PROVIDED MATERIAL
--*--
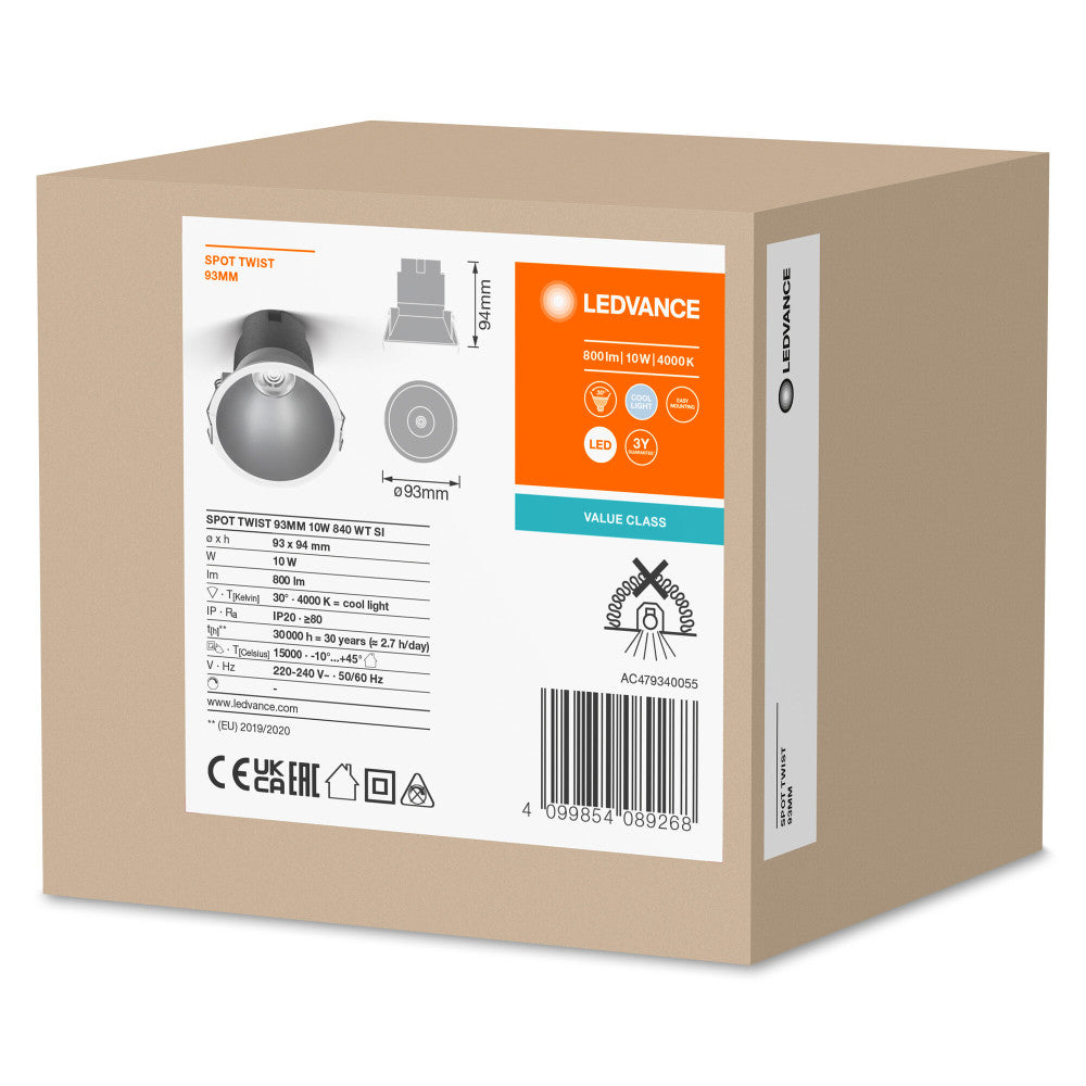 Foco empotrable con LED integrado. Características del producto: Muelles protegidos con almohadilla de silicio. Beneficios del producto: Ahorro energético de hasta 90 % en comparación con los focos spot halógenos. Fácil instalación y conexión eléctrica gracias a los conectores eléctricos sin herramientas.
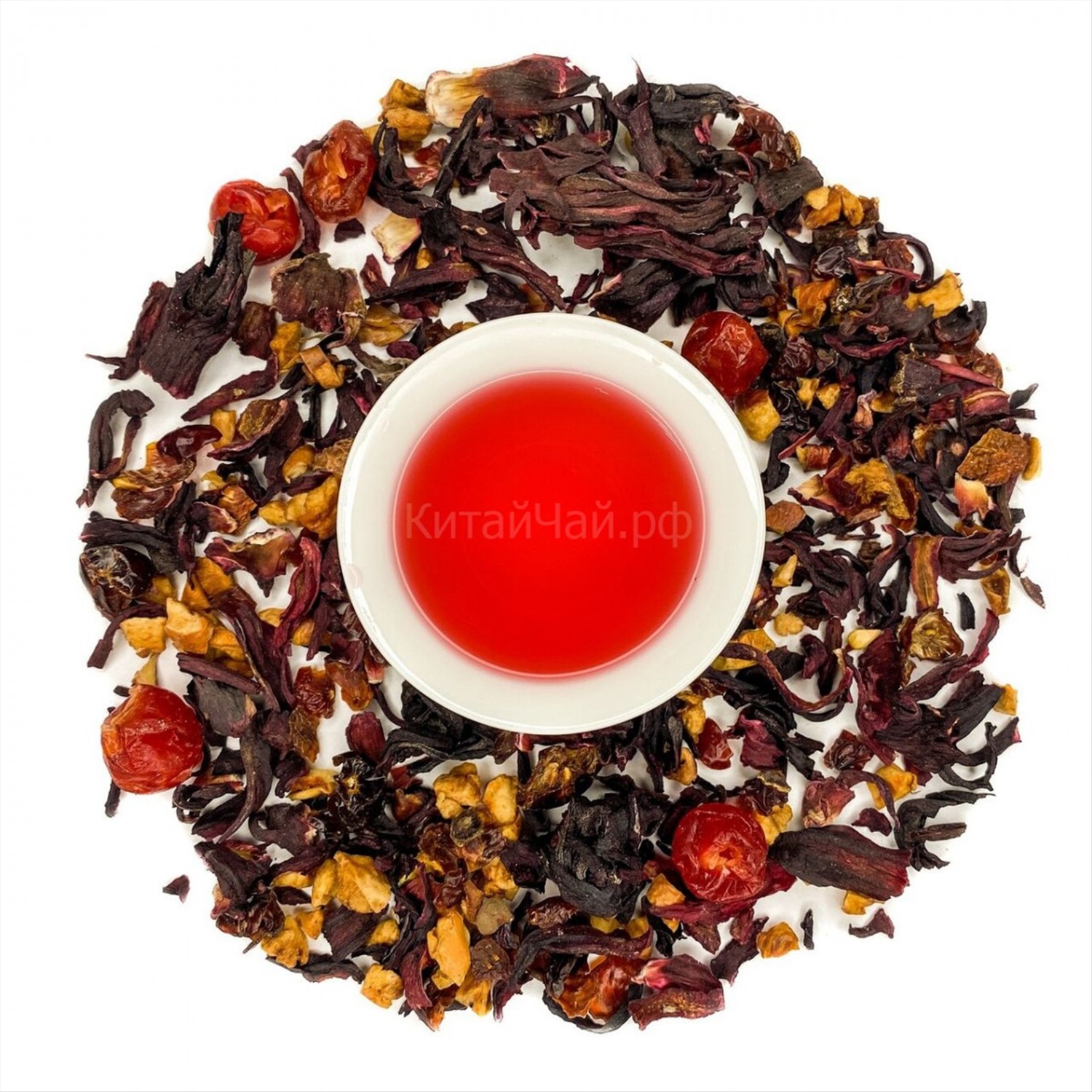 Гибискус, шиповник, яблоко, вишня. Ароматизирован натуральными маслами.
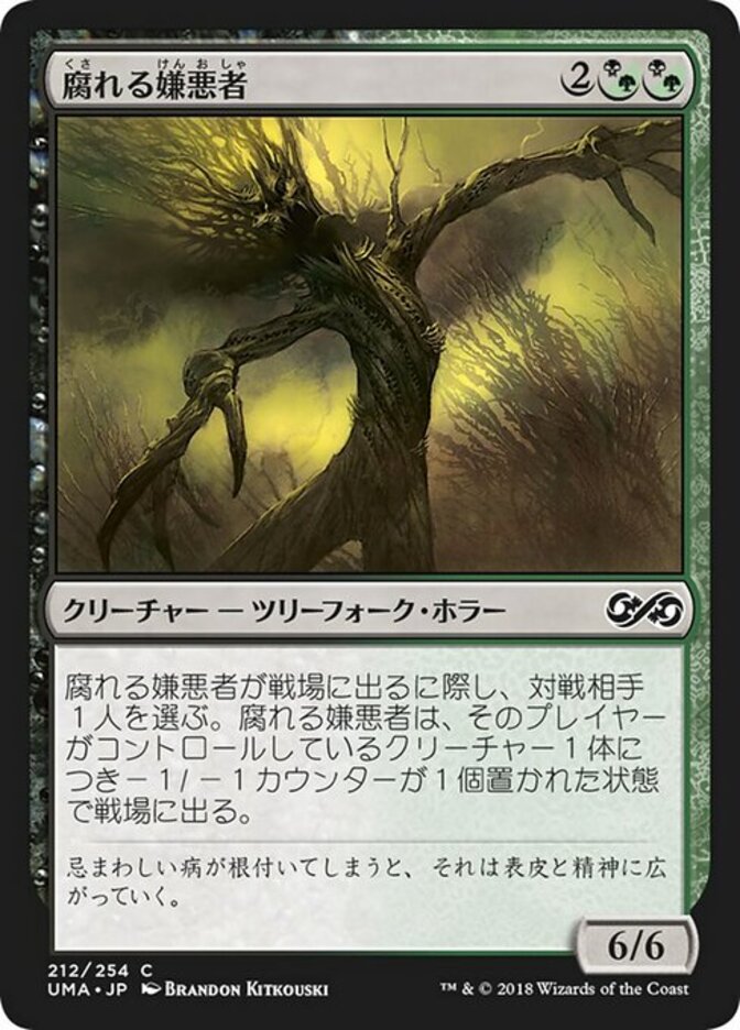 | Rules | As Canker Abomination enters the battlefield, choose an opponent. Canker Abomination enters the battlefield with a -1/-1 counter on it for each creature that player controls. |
--*--
TASK PROMPT
Please set the data above down exactly, with the pictures removed.

FINAL ANSWER
 Foco empotrable con LED integrado. Características del producto: Muelles protegidos con almohadilla de silicio. Beneficios del producto: Ahorro energético de hasta 90 % en comparación con los focos spot halógenos. Fácil instalación y conexión eléctrica gracias a los conectores eléctricos sin herramientas.
 Гибискус, шиповник, яблоко, вишня. Ароматизирован натуральными маслами.
 | Rules | As Canker Abomination enters the battlefield, choose an opponent. Canker Abomination enters the battlefield with a -1/-1 counter on it for each creature that player controls. |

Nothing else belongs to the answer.